- **DATA UNDER STUDY**:
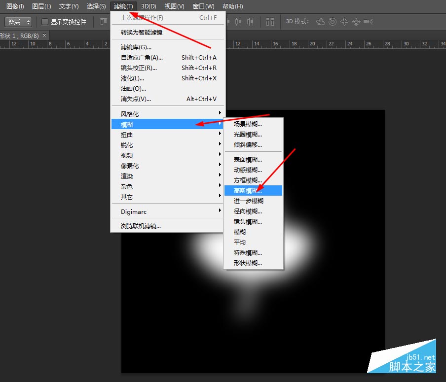 3、先隐藏形状图层副本,然后选择形状图层在滤镜中添加高斯模糊,如图所示
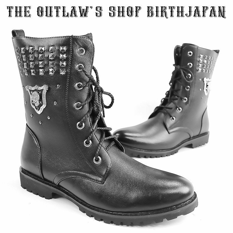 > スタッズ付き ロングブーツ 黒 靴 メンズ シューズ ファッション オラオラ系 悪羅悪羅系 お兄系 メンナク ホスト 派手 秋冬 110
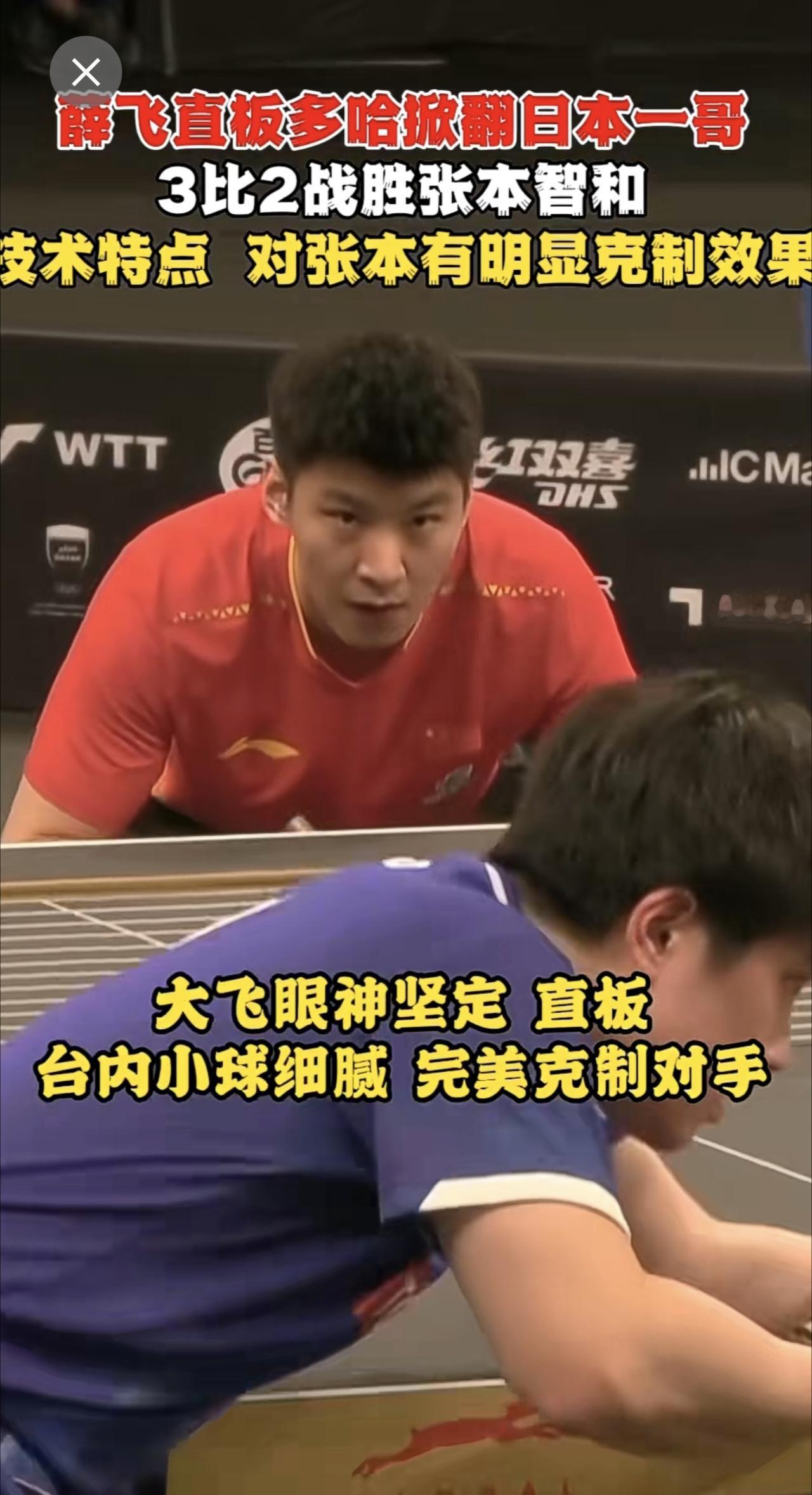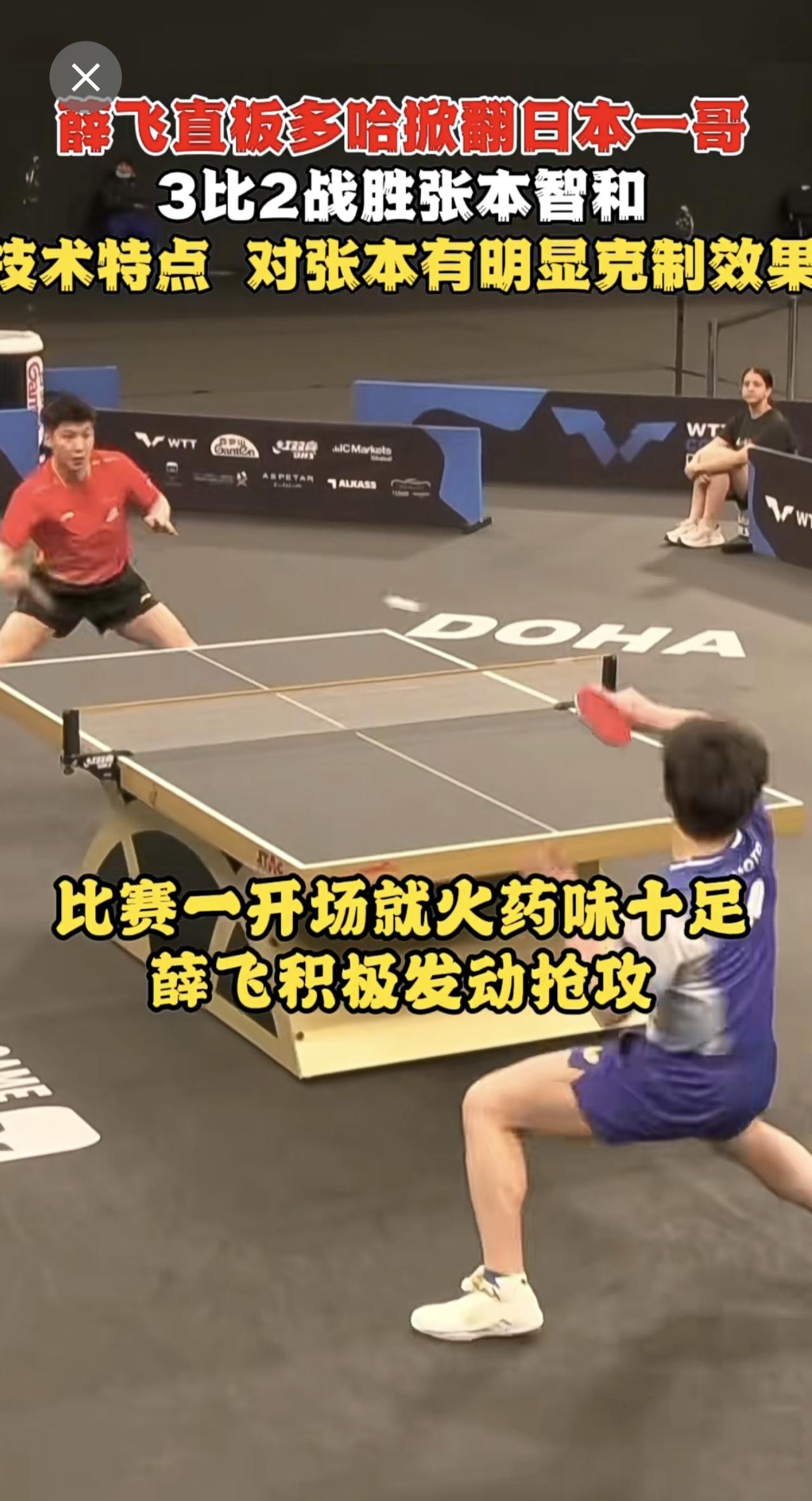 薛飞直板多哈掀翻日本一哥 3比2战胜张本智和🔥技术特点 对张本有明显克制效果!薛飞此前两战两胜 把对手打得没脾气 这次碰面继续保持全胜战绩。
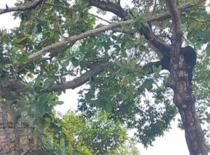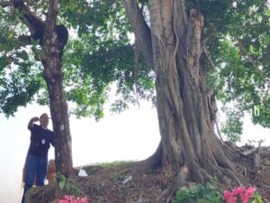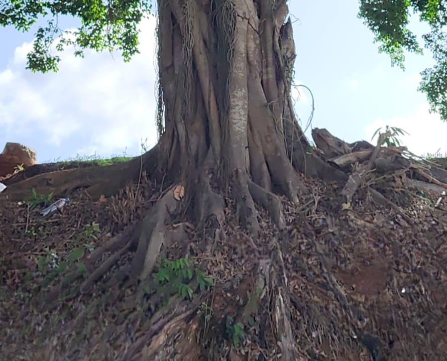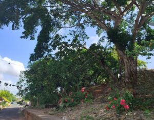 Se detalló, que en las inmediaciones se identificó un árbol de marañón de pepita (Anacardium occidentale), también ubicado en un talud y en mal estado fitosanitario, lo que incrementa el nivel de riesgo en el área.
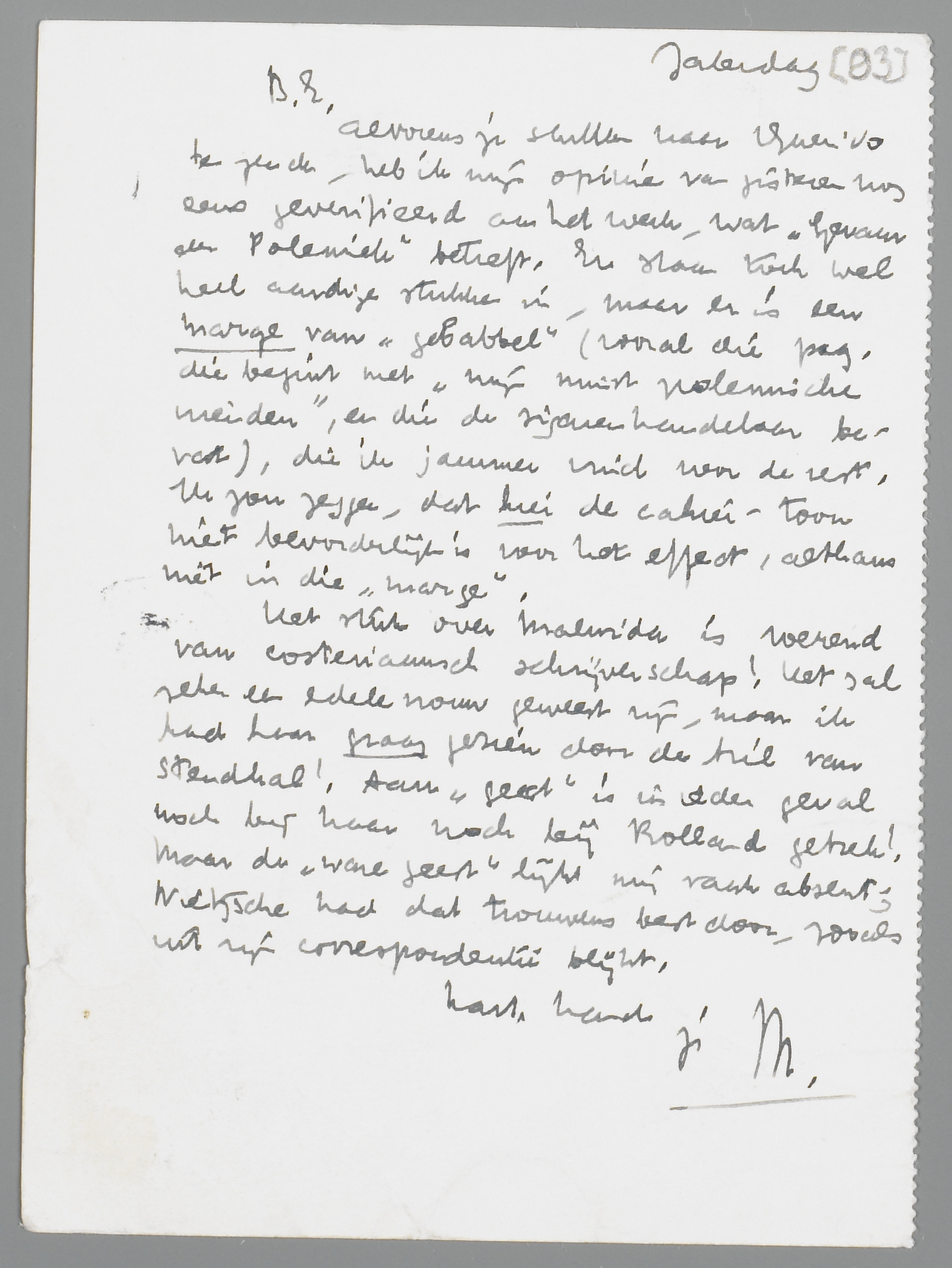 Alvorens je stukken naar Querido te zenden, heb ik mijn opinie van gisteren nog eens geverifieerd aan het werk, wat Gevaar der Polemiek betreft. Er staan toch wel heel aardige stukken in, maar er is een marge van ‘gebabbel’ (vooral die pag. die begint met ‘mijn minst polemische vrienden’, en die de sigarenhandelaar bevat), die ik jammer vind voor de rest. Ik zou zeggen, dat hier de cahier-toon niet bevorderlijk is voor het effect, althans niet in die ‘marge’.
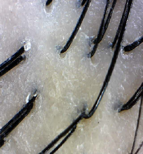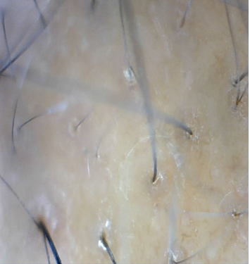 大家可以看看脱发的图片和毛囊萎缩的图片对比之前的几种情况有什么不同?油脂长期不清洁,油脂堵塞了毛囊,刚长出来的头发被掩埋了。就像洪水之后的河滩,小树苗被淤泥掩埋了一样。
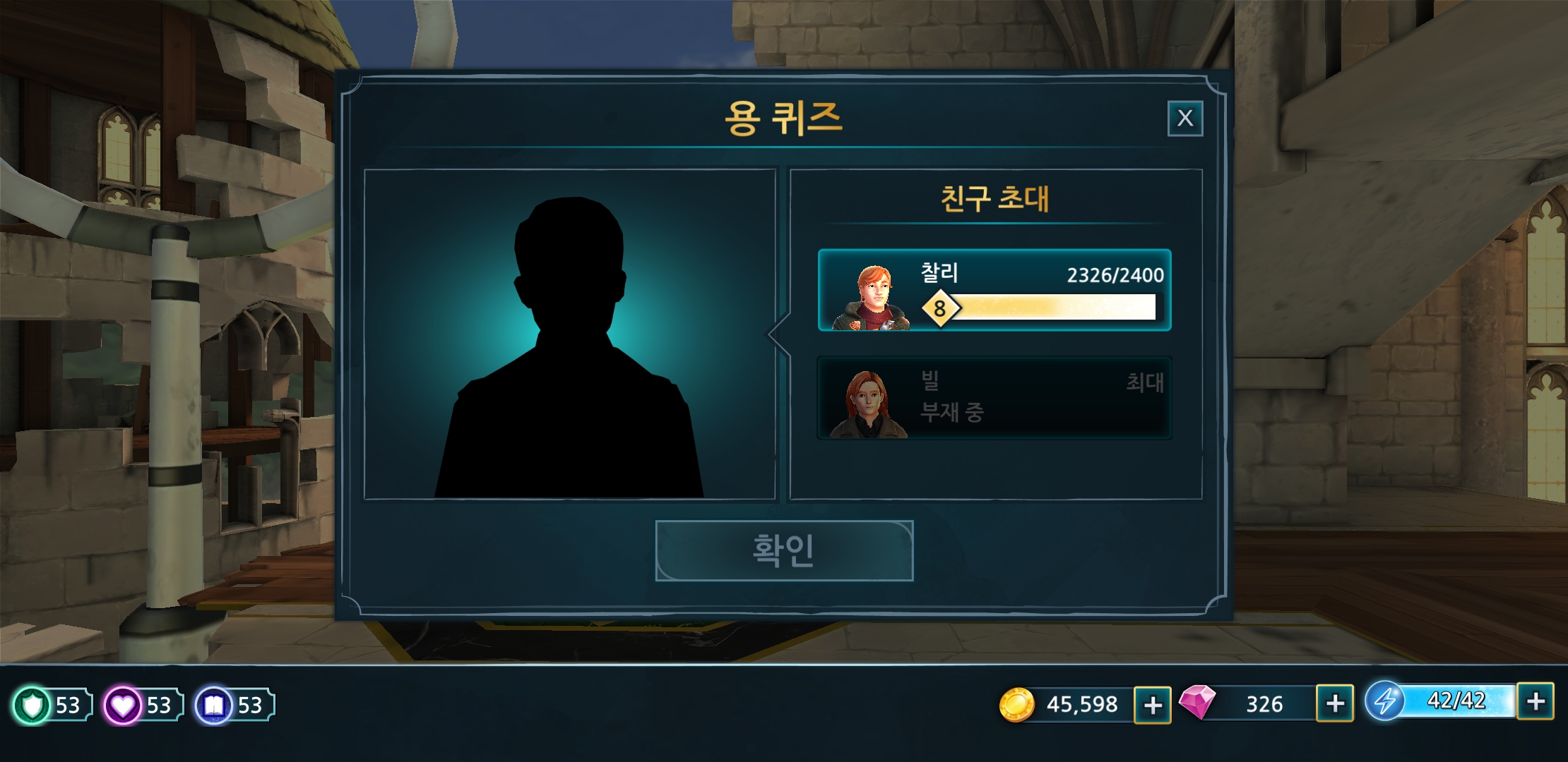 내 계정은 이미 6학년이라 빌은 호그와트를 졸업하고 나가서

- **ABOUT THIS TASK**: Drop the pictures and give every line above again exactly.

- **RESPONSE TO THIS TASK**:
 3、先隐藏形状图层副本,然后选择形状图层在滤镜中添加高斯模糊,如图所示
 > スタッズ付き ロングブーツ 黒 靴 メンズ シューズ ファッション オラオラ系 悪羅悪羅系 お兄系 メンナク ホスト 派手 秋冬 110
 薛飞直板多哈掀翻日本一哥 3比2战胜张本智和🔥技术特点 对张本有明显克制效果!薛飞此前两战两胜 把对手打得没脾气 这次碰面继续保持全胜战绩。
 Se detalló, que en las inmediaciones se identificó un árbol de marañón de pepita (Anacardium occidentale), también ubicado en un talud y en mal estado fitosanitario, lo que incrementa el nivel de riesgo en el área.
 Alvorens je stukken naar Querido te zenden, heb ik mijn opinie van gisteren nog eens geverifieerd aan het werk, wat Gevaar der Polemiek betreft. Er staan toch wel heel aardige stukken in, maar er is een marge van ‘gebabbel’ (vooral die pag. die begint met ‘mijn minst polemische vrienden’, en die de sigarenhandelaar bevat), die ik jammer vind voor de rest. Ik zou zeggen, dat hier de cahier-toon niet bevorderlijk is voor het effect, althans niet in die ‘marge’.
 大家可以看看脱发的图片和毛囊萎缩的图片对比之前的几种情况有什么不同?油脂长期不清洁,油脂堵塞了毛囊,刚长出来的头发被掩埋了。就像洪水之后的河滩,小树苗被淤泥掩埋了一样。
 내 계정은 이미 6학년이라 빌은 호그와트를 졸업하고 나가서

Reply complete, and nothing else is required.